Kegiatan PT Palangka Raya kali ini dirangkaikan juga dengan acara Halal Bi Halal serta Ulang Tahun Ikatan Hakim (IKAHI) ke 72 se-Kalimantan Tengah. Acara FGD yang bertemakan Optimalisasi Penyelesaian Perkara Melalui Mediasi dan Restorative Justice di Pengadilan tidak hanya dihadiri oleh para hakim, mediator hakim, mediator non hakim, akademisi, pengacara, Kepala Biro Hukum Provinsi Kalimantan Tengah, para pemangku adat Dayak, dan lain sebagainya.
Ketua KPT sebagai tokoh mediator hakim dikenal dengan kesuksesannya menyelesaikan berbagai perkara dengan mediasi saat menjadi hakim, ketua Pengadilan Negeri, Waka PT di berbagai wilayah mempromosikan penyelesian sengketa dengan mediasi, yang memang diwajibkan dalam setiap perkara yang disidangkan di pengadilan sesuai dengan Peraturan Mahkamah Agung No 1 Tahun 2016.
Diah Sulastri Dewi dalam presentasinya menekankan prinsip dasar pedoman perilaku mediator yaitu prinsip netralitas, prinsip penentuan diri sendiri (self determination), prinsip kerahasiaan (confidentiality), dan prinsip bebas dari benturan kepentingan (conflict of interest).

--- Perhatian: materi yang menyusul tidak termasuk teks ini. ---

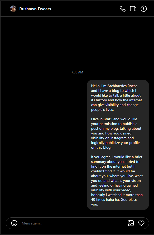 Esta parte é muito difícil pois não encontrei informações sobre o Rushawn, então eu fui no insta dele e mandei um direct, se ele me responder eu alimento esta parte, segue o print.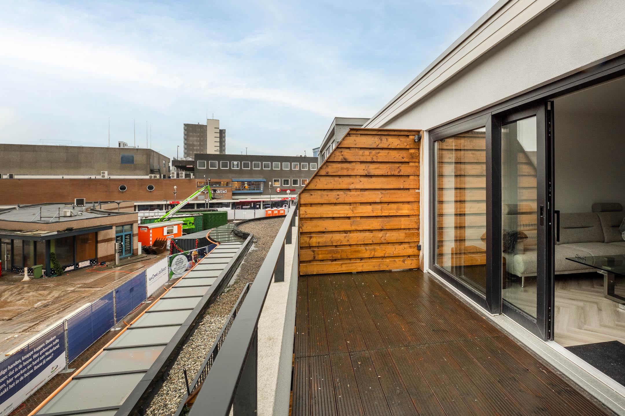 Met een oppervlakte van 55 m² beschikt het appartement over twee aparte slaapkamers. De tweede slaapkamer is momenteel ingericht als kledingkamer, maar kan uiteraard ook als extra slaapkamer, kantoor of hobbyruimte worden gebruikt. De lichte woonkamer heeft grote raampartijen die zorgen voor veel natuurlijk licht. Aan de voorzijde van het appartement bevindt zich een dakterras, waar je kunt genieten van de buitenlucht en het uitzicht over de stad.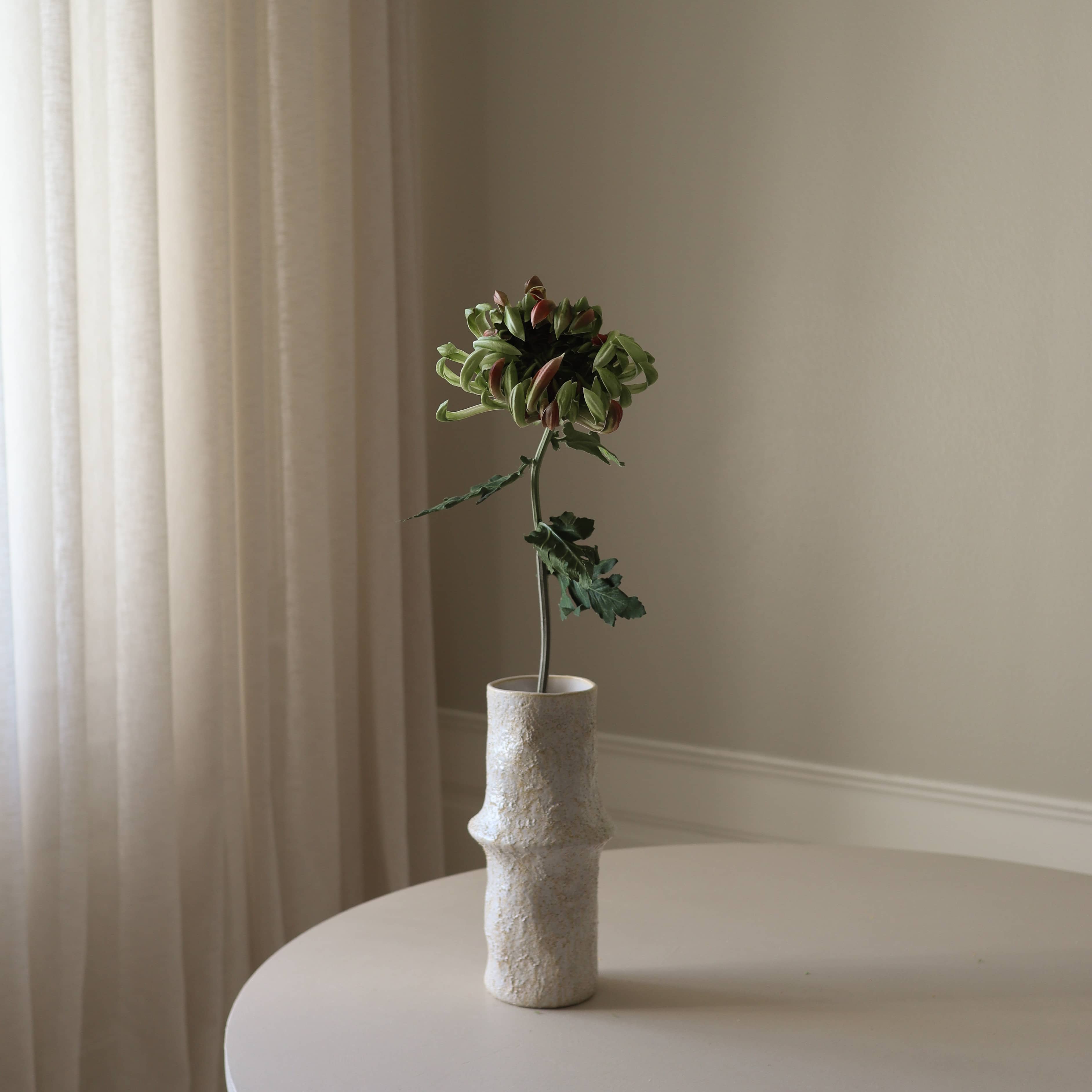 This Green Chrysanthemum Flower features layered petals in a striking blend of green and earthy brown tones.

“Mediasi inilah yang harus dibumikan di bumi Pancasila (sebutan untuk Palangka Raya atau saat Soekarno meresmikan kota ini pada tahun 1957 menyebutnya sebagai kota masa depan),” tegas Sulastri.
Sementara itu Wakil Ketua PT Palangka Raya Muhammad Damis menekankan akan perlunya seorang mediator itu berpegang teguh pada kode etik sebagai mediator serta menjaga integritas. Damis berharap agar di Kota Palangka Raya atau yang dikenal sebagai Kota Tambun Bungai akan lahir mediator-mediator tangguh.
Luthfi Yazid menekankan pentingnya mengutamakan mediasi dalam setiap penyelesian perkara, kecuali sudah tidak ada jalan lain, maka litigasi menjadi pilihan. Inilah sacaranya untuk mengurangi penumpukan perkara.
“Mediasi dan musyawarah adalah mandat konstitusi, UUD 1945. Dalam pembukaan UUD 1945 jelas disebutkan bahwa musyawarah adalah pegangan kita dalam menyelesaikan setiap persoalan yang kita hadapi. Dan prinsip musyawarah ini pula yang menjadi salah satu sila dari Pancasila. Para pendiri bangsa sedari awal sudah meletakkan dasar atau pandom apabila kita ingin mencapai kebahagiaan dan keadilan maka musyawarah menjadi caranya,” papar Luthfi.
Luthfi Yazid yang juga pendiri Japan Lawyers Association (JILA) memberikan contoh di beberapa negara yang menerapkan mediasi dalam penyelesaian perkaranya seperti di Inggris, Belanda dan Jepang. Keberhasilan penyelesian perkara melalui mediasi selain didukung dengan dasar hukum yang kokoh dengan UU juga dukungan budaya menjadi faktor penentu.
Luthfi berharap agar mediasi menjadi semacam gerakan yang kelak dapat menjadi mind-set dan heart-set dalam upaya penyelesaian perkara.
“Bukan hanya dalam penyelesaian perkara melaljui mediasi, namun juga melalui restorative justice,” pungkasnya.(*)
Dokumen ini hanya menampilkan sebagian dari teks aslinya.